## Aim of the task:
Copy, exactly as written, the lines that begin at the one containing "모델 식별자: MacPro3,1" and end at the one containing "Смысл такой, что". Skip any pictures in the data below.

## Data for analysis:
__________

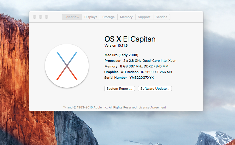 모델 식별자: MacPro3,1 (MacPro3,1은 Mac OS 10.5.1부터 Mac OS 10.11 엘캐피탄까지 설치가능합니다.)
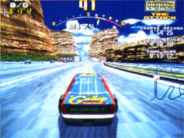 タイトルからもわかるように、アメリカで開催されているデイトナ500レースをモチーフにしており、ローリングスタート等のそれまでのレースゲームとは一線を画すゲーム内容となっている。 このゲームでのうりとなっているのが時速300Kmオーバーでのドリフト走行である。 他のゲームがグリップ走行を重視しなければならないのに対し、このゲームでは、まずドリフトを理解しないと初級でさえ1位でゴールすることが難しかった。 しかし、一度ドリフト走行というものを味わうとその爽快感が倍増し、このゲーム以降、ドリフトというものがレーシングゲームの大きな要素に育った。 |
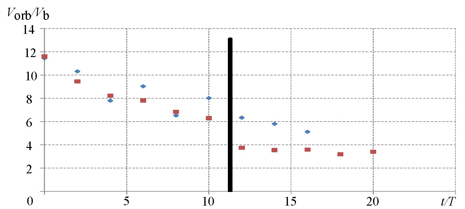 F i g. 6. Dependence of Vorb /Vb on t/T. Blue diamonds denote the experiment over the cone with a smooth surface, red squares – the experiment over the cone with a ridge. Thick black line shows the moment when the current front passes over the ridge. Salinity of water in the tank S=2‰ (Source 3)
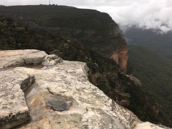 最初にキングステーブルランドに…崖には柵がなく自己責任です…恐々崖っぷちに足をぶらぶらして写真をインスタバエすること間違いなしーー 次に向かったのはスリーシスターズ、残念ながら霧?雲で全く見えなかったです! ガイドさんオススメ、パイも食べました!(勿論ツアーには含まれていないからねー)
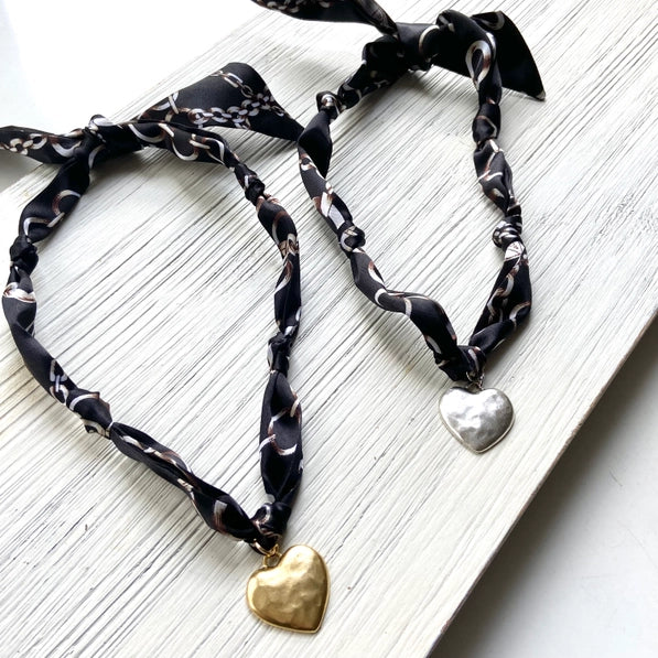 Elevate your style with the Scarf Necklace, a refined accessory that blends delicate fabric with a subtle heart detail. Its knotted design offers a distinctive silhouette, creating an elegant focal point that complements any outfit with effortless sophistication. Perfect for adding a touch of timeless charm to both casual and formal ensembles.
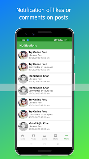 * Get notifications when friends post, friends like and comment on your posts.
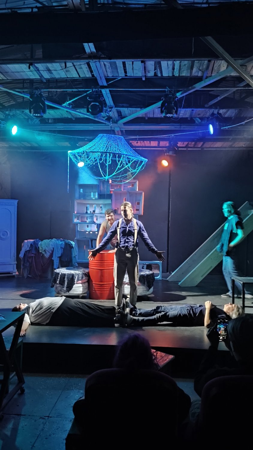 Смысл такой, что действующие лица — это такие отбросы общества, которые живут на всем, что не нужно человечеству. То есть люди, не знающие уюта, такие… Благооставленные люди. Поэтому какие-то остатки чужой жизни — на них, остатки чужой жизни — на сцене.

__________

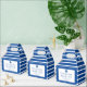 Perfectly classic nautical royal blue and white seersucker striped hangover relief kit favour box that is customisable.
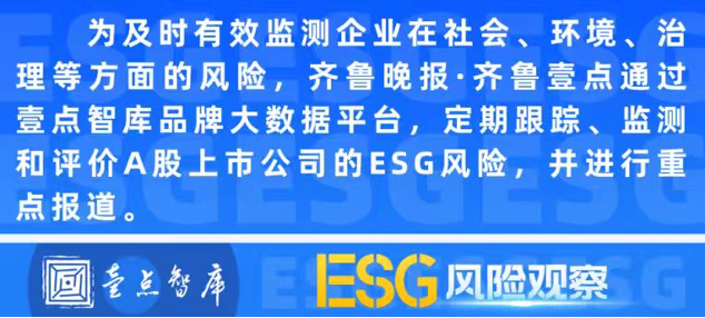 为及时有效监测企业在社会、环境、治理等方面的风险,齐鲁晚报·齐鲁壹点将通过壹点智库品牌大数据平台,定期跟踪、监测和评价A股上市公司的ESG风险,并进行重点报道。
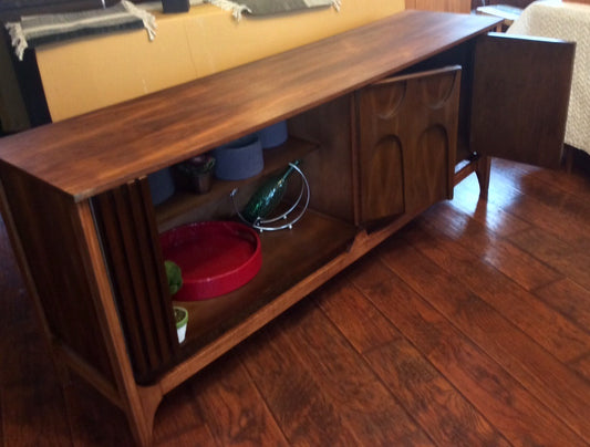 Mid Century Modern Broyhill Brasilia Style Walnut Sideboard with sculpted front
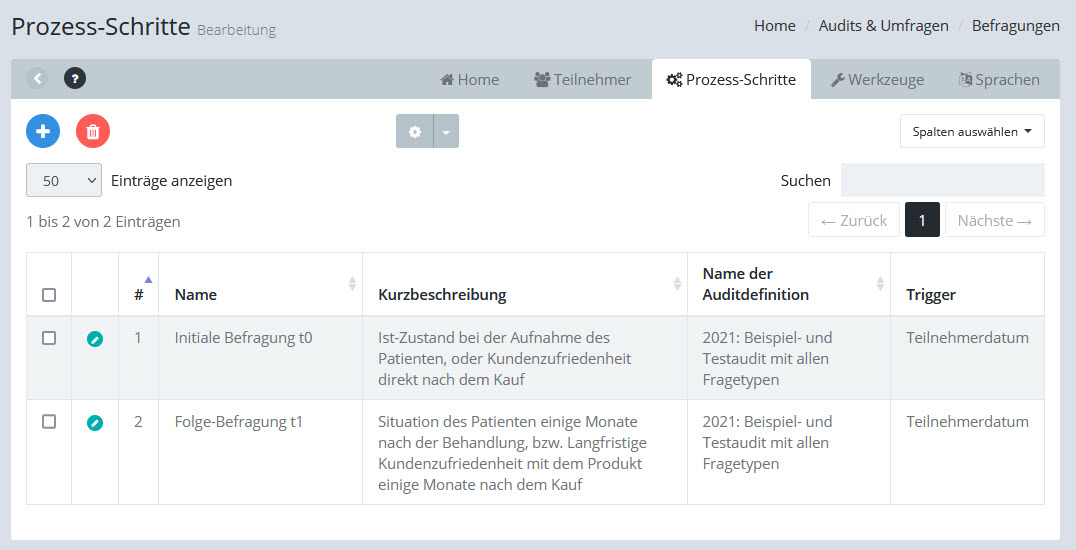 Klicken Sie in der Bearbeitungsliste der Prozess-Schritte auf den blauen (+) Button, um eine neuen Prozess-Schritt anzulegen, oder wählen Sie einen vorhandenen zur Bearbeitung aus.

__________

## Answer to this exercise:
 모델 식별자: MacPro3,1 (MacPro3,1은 Mac OS 10.5.1부터 Mac OS 10.11 엘캐피탄까지 설치가능합니다.)
 タイトルからもわかるように、アメリカで開催されているデイトナ500レースをモチーフにしており、ローリングスタート等のそれまでのレースゲームとは一線を画すゲーム内容となっている。 このゲームでのうりとなっているのが時速300Kmオーバーでのドリフト走行である。 他のゲームがグリップ走行を重視しなければならないのに対し、このゲームでは、まずドリフトを理解しないと初級でさえ1位でゴールすることが難しかった。 しかし、一度ドリフト走行というものを味わうとその爽快感が倍増し、このゲーム以降、ドリフトというものがレーシングゲームの大きな要素に育った。 |
 F i g. 6. Dependence of Vorb /Vb on t/T. Blue diamonds denote the experiment over the cone with a smooth surface, red squares – the experiment over the cone with a ridge. Thick black line shows the moment when the current front passes over the ridge. Salinity of water in the tank S=2‰ (Source 3)
 最初にキングステーブルランドに…崖には柵がなく自己責任です…恐々崖っぷちに足をぶらぶらして写真をインスタバエすること間違いなしーー 次に向かったのはスリーシスターズ、残念ながら霧?雲で全く見えなかったです! ガイドさんオススメ、パイも食べました!(勿論ツアーには含まれていないからねー)
 Elevate your style with the Scarf Necklace, a refined accessory that blends delicate fabric with a subtle heart detail. Its knotted design offers a distinctive silhouette, creating an elegant focal point that complements any outfit with effortless sophistication. Perfect for adding a touch of timeless charm to both casual and formal ensembles.
 * Get notifications when friends post, friends like and comment on your posts.
 Смысл такой, что действующие лица — это такие отбросы общества, которые живут на всем, что не нужно человечеству. То есть люди, не знающие уюта, такие… Благооставленные люди. Поэтому какие-то остатки чужой жизни — на них, остатки чужой жизни — на сцене.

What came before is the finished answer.